*TASK PROMPT*: Below, find the line containing "India’s aluminium casting" and the line containing "Gold Plated Sterling"; reproduce exactly those two and every line between them, omitting pictures.

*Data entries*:
⟨

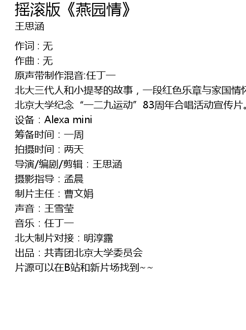 | běi dà sān dài rén hé xiǎo tí qín de gù shì, yī duàn hóng sè yuè zhāng yǔ jiā guó qíng huái. běi jīng dà xué jì niàn" yī èr jiǔ yùn dòng" 83 zhōu nián hé chàng huó dòng xuān chuán piàn. | |
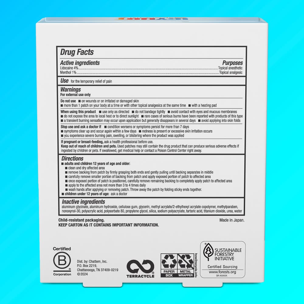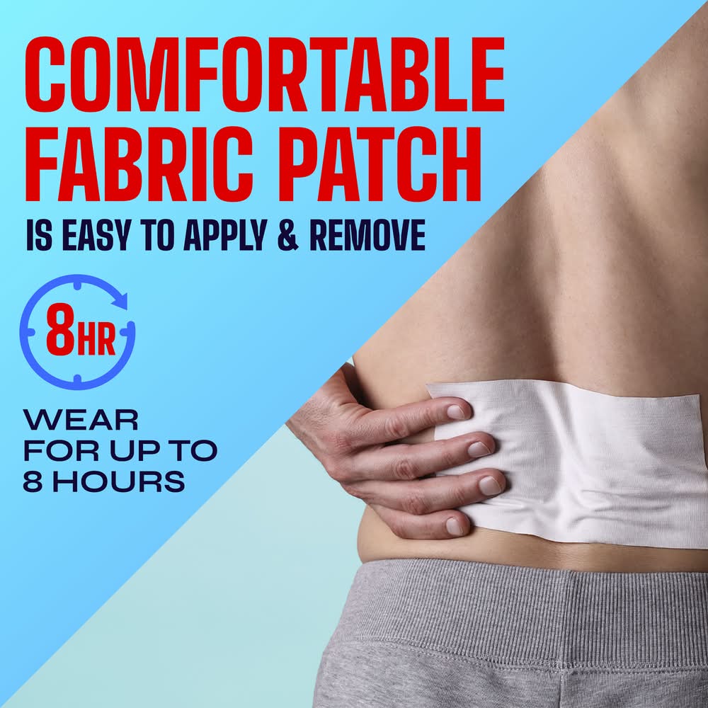Icy Hot Max Lidocaine Pain Relief Patches are designed to provide targeted and temporary relief of pain. Each patch contains lidocaine, a known anesthetic, to help numb the affected area. The product includes five patches, offering multiple applications for pain management. These patches are intended for external use only and can be applied directly to the skin where the pain is localized. These are large patches. • Size: 10x14 cm • Packaging: Reusable
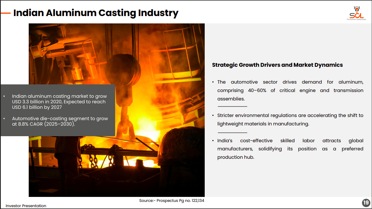 India’s aluminium casting market is projected to grow from about USD 3.3 billion in 2020 to USD 6.1 billion by 2027, driven primarily by automotive die-casting. Stricter emission norms, lightweighting trends, and India’s cost-competitive manufacturing base are strengthening its position as a global production hub.
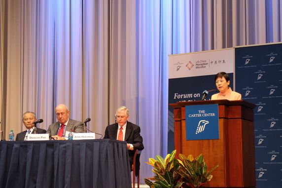 The Forum on US-China Relations co-hosted by CPAFFC and the Carter Center was held on Nov. 11th at Atlanta, Georgia. Jimmy Carter, former US President, Cui Tiankai, Chinese Ambassador to the U.S., Li Xiaolin, President of CPAFFC, Zbigniew Brzezinski, former National Security Advisor, Charlene Barshefsky, former U.S. Trade Representative and other scholars and business leaders attended the Forum, sharing views on how to build the new type of major country relations between China and the U.S..
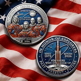 Moeda comemorativa da missão lunar Artemis II, homenagem ao retorno tripulado à Lua em 2026, astronauta &Item colecionável de foguete, lembrança histórica do programa espacial dos EUA.
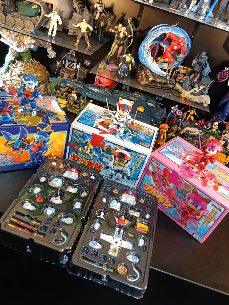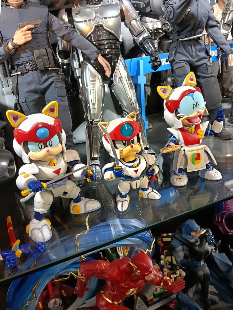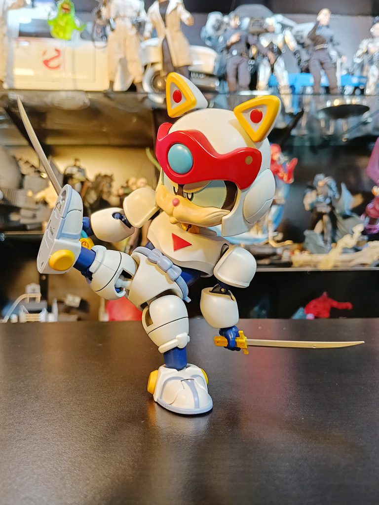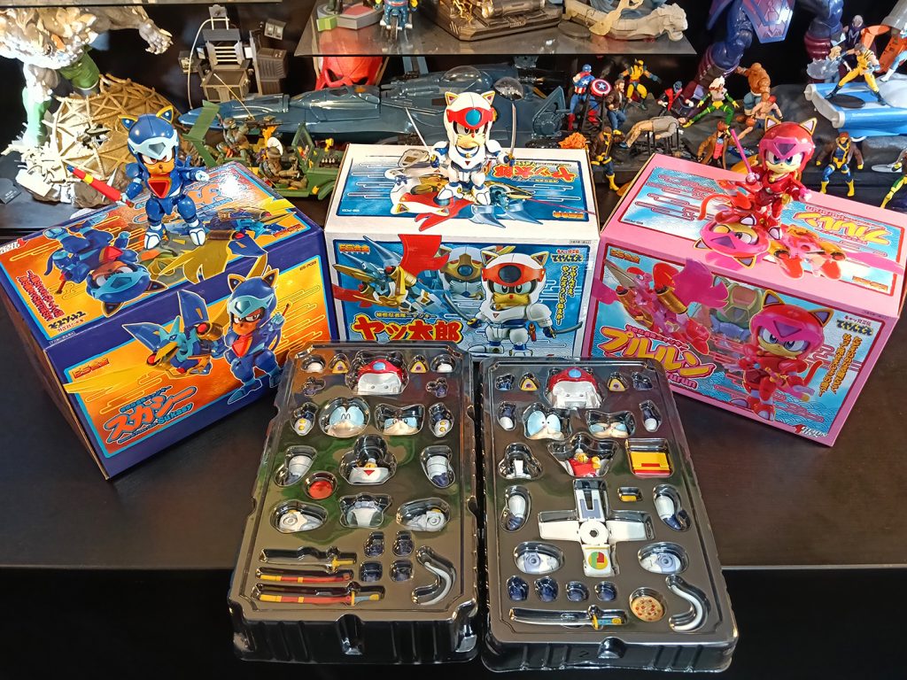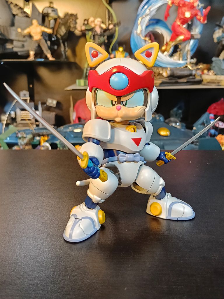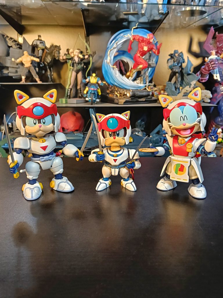 Lastimosamente, no existen muchas figuras de acción de los Gatos Samurai en el mercado. Unas de las más recordadas son los ES Gokin de Action Toys ahce ya 11 o 12 años. Estos venían en su traje de batalla, y con piezas para formar su armadura del final de la serie. La posabilidad es limitada para figuras actuales, pero era lo que había.
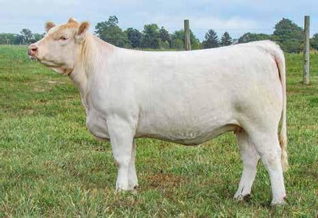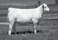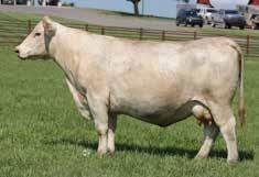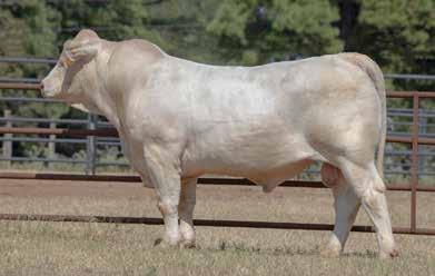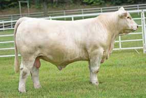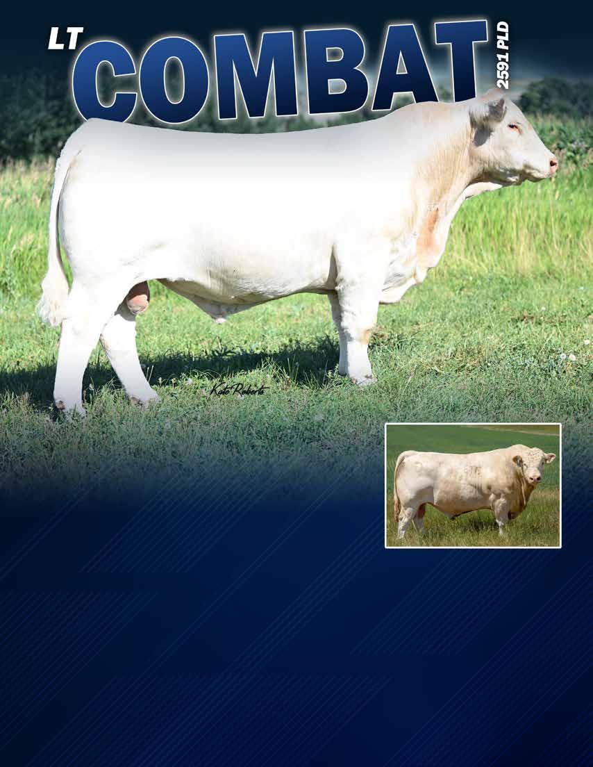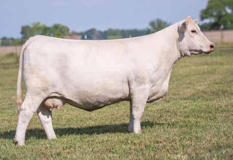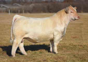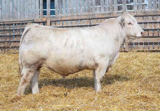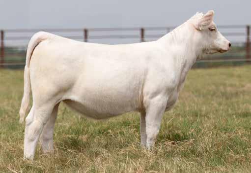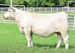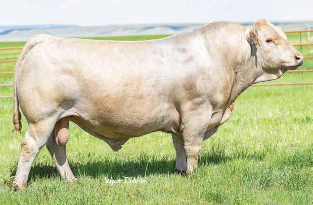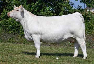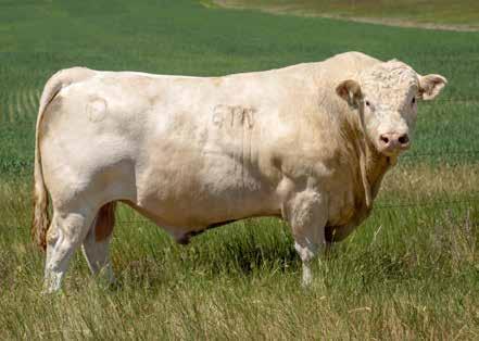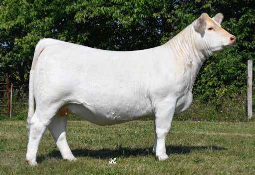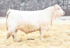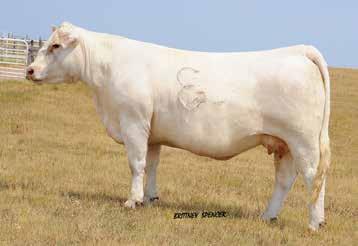 Combat was sold to Kenmere Charolais in our 2023 Bull Sale for $75,000 for twothirds interest. He brings a well-balanced profile to the table with his eye appeal, big scrotal, perfect foot structure, added length and depth of body and cow making power in one package. Combats Dam was our pick from Hubert Charolais that has a beautiful tidy udder and model confirmation. This herd sire prospect sired by the famous and heavily used DC/CRJ Tank E108P will definitely rise to the top of our program!
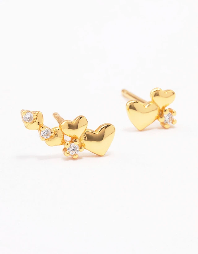 Gold Plated Sterling Silver Mini Cubic Zirconia Heart Huggie Earrings
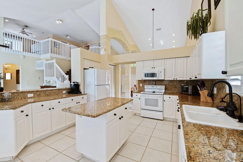 Stunning home in highly sought-after Lexington Estates. This beautifully upgraded Pimlico model has 3-Bedrooms + Den/Office + Large Loft + 2-Full Bathrooms + 1-Half Bathroom and the most desired floor plan in all of the community. Kitchen is well appointed with white cabinetry/Granite Countertops/separate prep Island/Bar Counter Seating and additional eat-in area that easily seats six. Hurricane Impact resistant French doors; Pool & spa recently Diamond-Brighted and entire patio recently resurfaced; Child safety fence around pool; Dual-Zoned Central A/C system; Wired for Full-House generator; Elegant designer touches throughout. *A Rated Schools. Low HOA of $281/month! HOA includes front/back/side yards lawn & landscape maint.; Sprinkler maintenance.
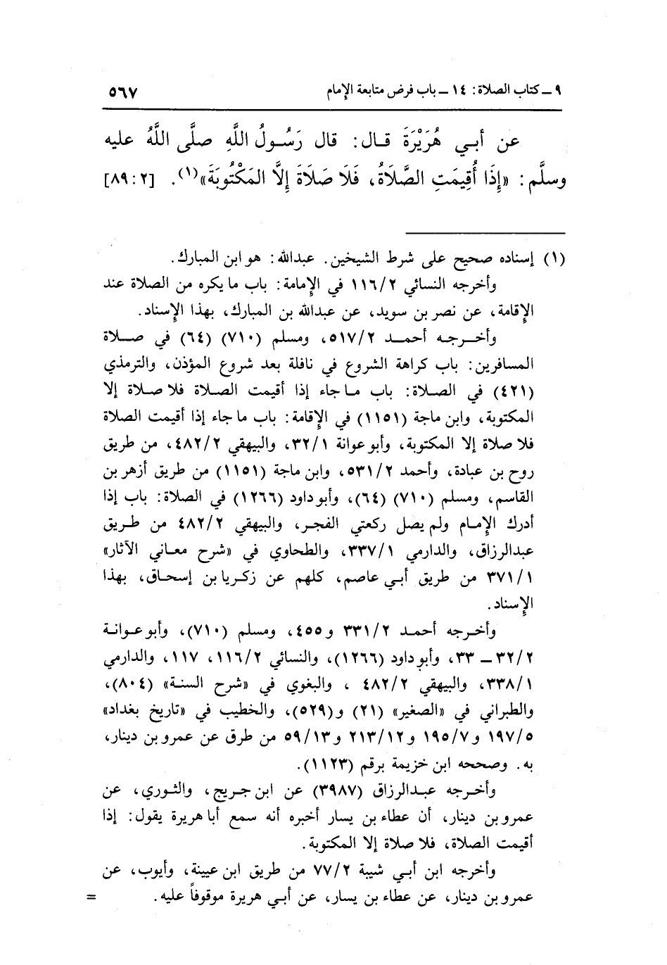 عَنْ أَبِي هُرَيْرَةَ قَالَ: قَالَ رَسُولُ اللَّهِ صَلَّى اللَّهُ عَلَيْهِ وَسَلَّمَ: "إِذَا أُقِيمَتِ الصَّلَاةُ، فلا صلاة إلا المكتوبة" 1. [2: 89]
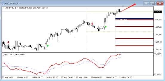 目前QE箭头向上,代表多头强劲,预示行情向上的概率大,故而可以采取低多的策略,可以在15分钟寻找做多信号,第一支撑位置:140.362。上方压力141.511
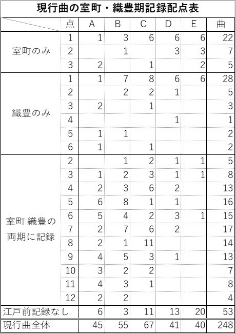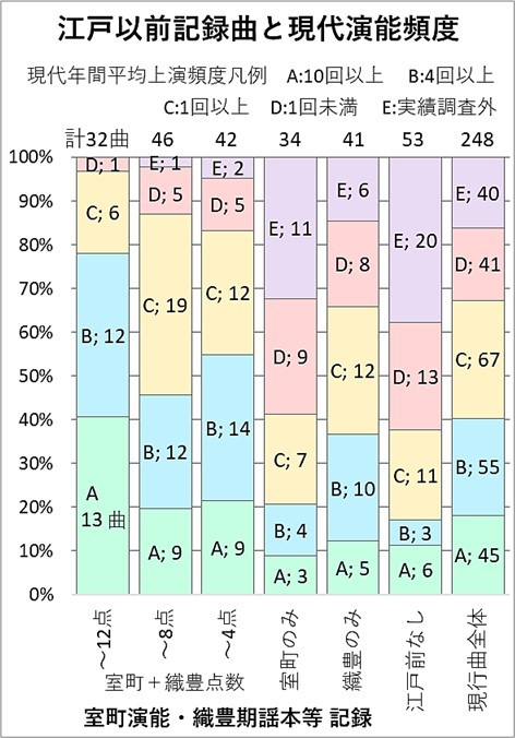 これに対し織豊期に記録がなく、室町期だけ記録の曲はA+Bが21%にとどまっており、現代で稀にしか演能されないDや、実績調査外の観世で非現行のEがそれぞれ30%前後もあります。

⟩

*THE COMPLETED TASK*:
 India’s aluminium casting market is projected to grow from about USD 3.3 billion in 2020 to USD 6.1 billion by 2027, driven primarily by automotive die-casting. Stricter emission norms, lightweighting trends, and India’s cost-competitive manufacturing base are strengthening its position as a global production hub.
 The Forum on US-China Relations co-hosted by CPAFFC and the Carter Center was held on Nov. 11th at Atlanta, Georgia. Jimmy Carter, former US President, Cui Tiankai, Chinese Ambassador to the U.S., Li Xiaolin, President of CPAFFC, Zbigniew Brzezinski, former National Security Advisor, Charlene Barshefsky, former U.S. Trade Representative and other scholars and business leaders attended the Forum, sharing views on how to build the new type of major country relations between China and the U.S..
 Moeda comemorativa da missão lunar Artemis II, homenagem ao retorno tripulado à Lua em 2026, astronauta &Item colecionável de foguete, lembrança histórica do programa espacial dos EUA.
 Lastimosamente, no existen muchas figuras de acción de los Gatos Samurai en el mercado. Unas de las más recordadas son los ES Gokin de Action Toys ahce ya 11 o 12 años. Estos venían en su traje de batalla, y con piezas para formar su armadura del final de la serie. La posabilidad es limitada para figuras actuales, pero era lo que había.
 Combat was sold to Kenmere Charolais in our 2023 Bull Sale for $75,000 for twothirds interest. He brings a well-balanced profile to the table with his eye appeal, big scrotal, perfect foot structure, added length and depth of body and cow making power in one package. Combats Dam was our pick from Hubert Charolais that has a beautiful tidy udder and model confirmation. This herd sire prospect sired by the famous and heavily used DC/CRJ Tank E108P will definitely rise to the top of our program!
 Gold Plated Sterling Silver Mini Cubic Zirconia Heart Huggie Earrings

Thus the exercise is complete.